It's interesting to ask the question of whether Bill O'Reilley is racist and if so to what degree. I've heard a lot of people accuse him of racism, although I think the evidence is mixed. The above video would seem to indicate no. However, then you have the following two videos which may suggest otherwise...
Exhibit A, wherein O'Reilley spontaneously decides to slip in a remark to a black Columbia University professor... oh, by the way, you kind of look like a cocaine dealer!:
http://www.youtube.com/watch?v=VeejS2Sa-bQ
(the professor handles it remarkably well, turning it around on O'Reilley, although I imagine on the inside he must have been like "WTF??")
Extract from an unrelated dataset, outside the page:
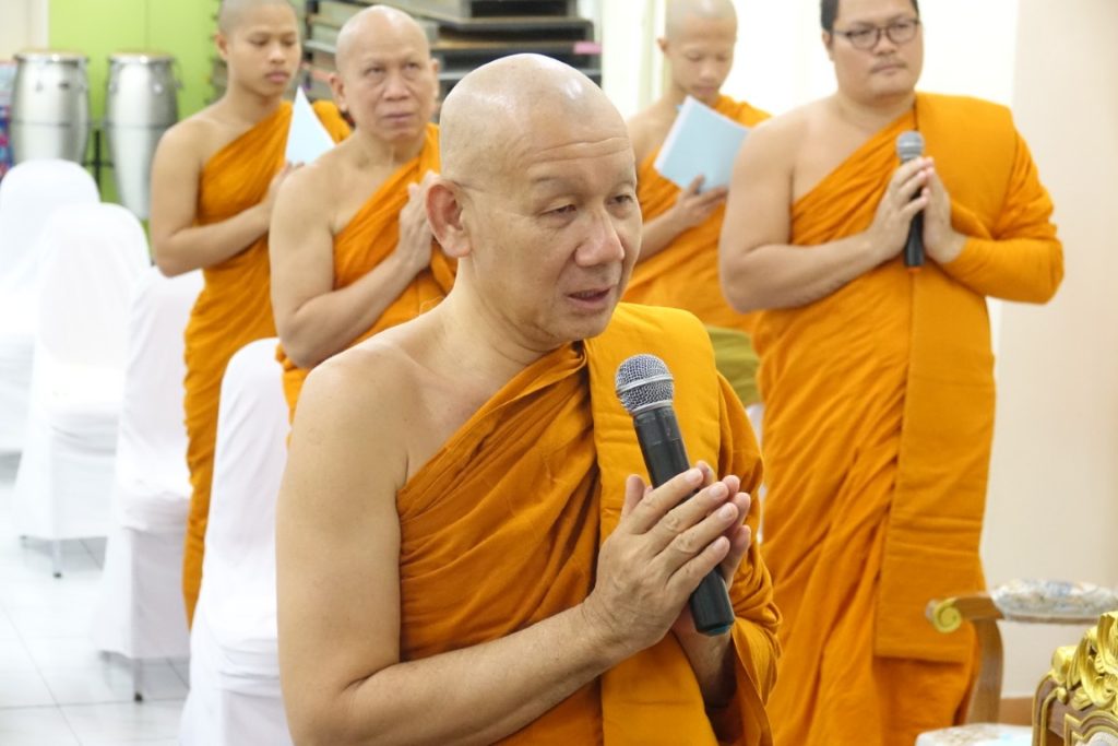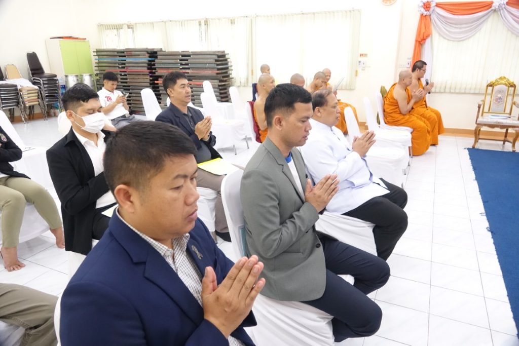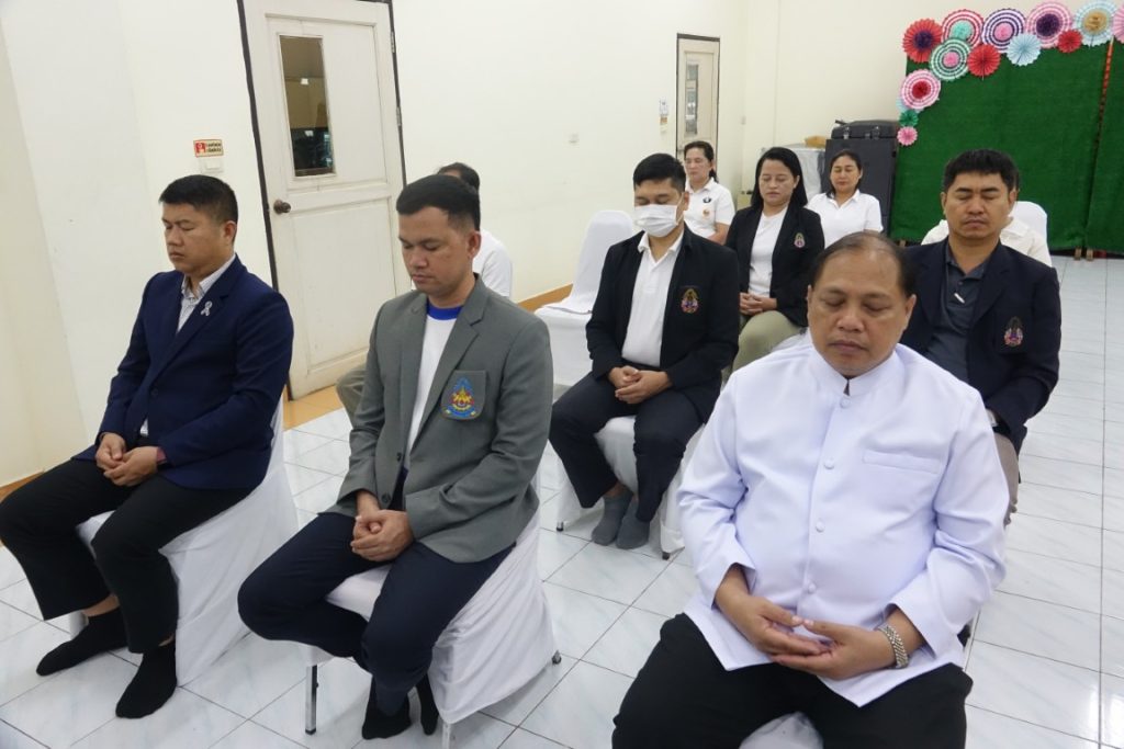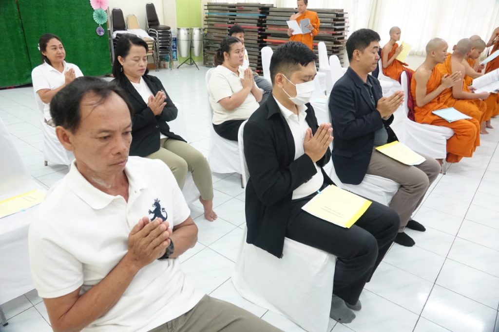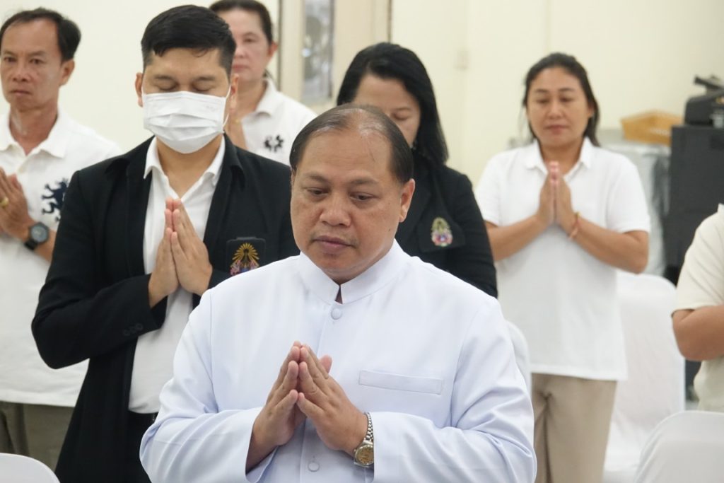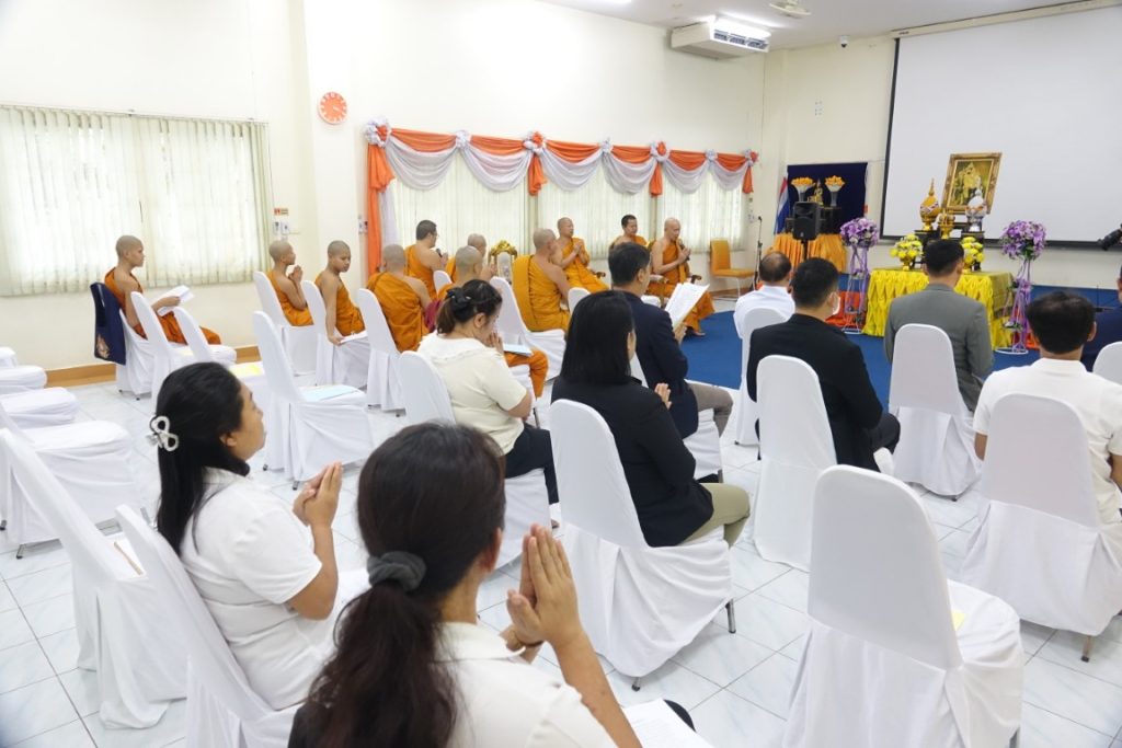 เวลา 15.00 น. พิธีกรอาราธนาประธานจุดธูปเทียนบูชาพระรัตนตรัยและนำกล่าวคำบูชาพระรัตนตรัย จากนั้น เวลา 15.10 น. ได้ประกอบพิธีบำเพ็ญกุศล โดยนิมนต์พระสงฆ์เจริญพระพุทธมนต์ น้อมถวายเป็นพระราชกุศลแด่ในหลวงรัชกาลที่ 9

Exhibit B, wherein O'Reilley very candidly admits that he considers himself a part of the "white power structure" in America which he worries unchecked immigration may threaten:
http://www.youtube.com/watch?v=MC8mNynSJi4
In the 3rd video, I have to chuckle at him a bit for lumping the New York Times in with the "far left". I've never been quite sure what to think of him. He's clearly a step up from Rush Limbaugh, Glen Beck, or Anne Coulter (or John Stossel), but still manages to be annoyingly wrong a lot of the time. Also, he reminds me so much of my father, it's scary! I think they have a lot of the same personality traits.
Comments
http://www.youtube.com/watch?v=F_gQFilltDw
Wow, what an O'Reilley kick I'm on today! This video also has the McDonald's gay-al qaeda comparison clip, although at the end it mentions a tea bagger flying an airplane into an IRS building to protest taxes!
http://www.youtube.com/watch?v=6fxBoXD2X4w
Any idea if the tea bagging terrorist story has any truth to it? If so, I don't know how I went without hearing about this! That's fucking disturbing.
I found another video earlier today that has an interview with some white supremecists just before the 2008 election, who said they were voting for Obama because they thought it would help spark a white power revolution if people realized how far downhill the country had gone that a black man could be elected President.
i'm sure businesses would lose money if they decided not to serve a given segment of the population and that should be punishment enough for bigotry. i don't think there's a good reason for making private businesses serve everyone.
I think sometimes people tend to support certain opinions just to try to be consistent, when the only real argument for consistency in the law is to keep it simple. But simple laws always tend to be the worst laws in terms of screwing people over due to unforeseen exceptional circumstances. I think both Stossel and O'Reilley are guilty of this on different counts here.
i'm sure businesses would lose money if they decided not to serve a given segment of the population
Nowadays, in most cases that's true. When these laws were passed it was not at all true in many areas... a restaurant that allowed blacks to sit and eat next to the whites in the deep south would have been unpopular and lost a lot of business. They were pressured by societal bigotry to cater either to whites or to blacks, but not both.
Today, the social pressure is a lot more universally towards integration and getting along, than towards segregation and racism. However, this is still not universally true in all towns, so it's worth having the laws around for a while longer until that gets fixed. And while it may be almost entirely true now for restaurants, it's far from true for the housing market or the job market. There's still a lot of pressure towards discrimination there. In the job market, in fact, I think it often pays to stereotype. It's not as fair, but it is faster to look at someone's skin sometimes and make statistical judgements based on it rather than look at their actual ability.
It's the same issue with racial profiling in pulling people over to check for drugs. It may be true that there are more dark skinned crack dealers than light skinned, but that doesn't mean you should inconvenience everyone who happens to have that color skin. They didn't do anything wrong other than be born with that skin color.
And actually, I don't see any reason to favor integration over segregation. I am working somewhere where every single person who is in a technical job is either white or asian, and some 80% of service employees (guards, kitchen staff, etc) are black. everyone gets along, so what's the problem?
I don't see any reason to favor integration over segregation. I am working somewhere where every single person who is in a technical job is either white or asian, and some 80% of service employees (guards, kitchen staff, etc) are black. everyone gets along, so what's the problem?
Everyone "got along" under slavery too. Servants hardly complained, everything must be fine! Easy to say "I don't see any problem with it" if you're in the privileged side of the job market. But how many on the non-privileged side don't think there's a problem?
Yes, integration has always posed challenges for getting along. Many neo-conservatives have accused it of causing race riots and other social problems. Segregation is easier in some ways, but that doesn't mean it's better. Integration was the most difficult when it first started and people weren't used to it. But the payoff to cost ratio is a lot better now that we're through the roughest patch.
i don't think people got along under slavery. people ran away and got whipped and raped. that's not so good.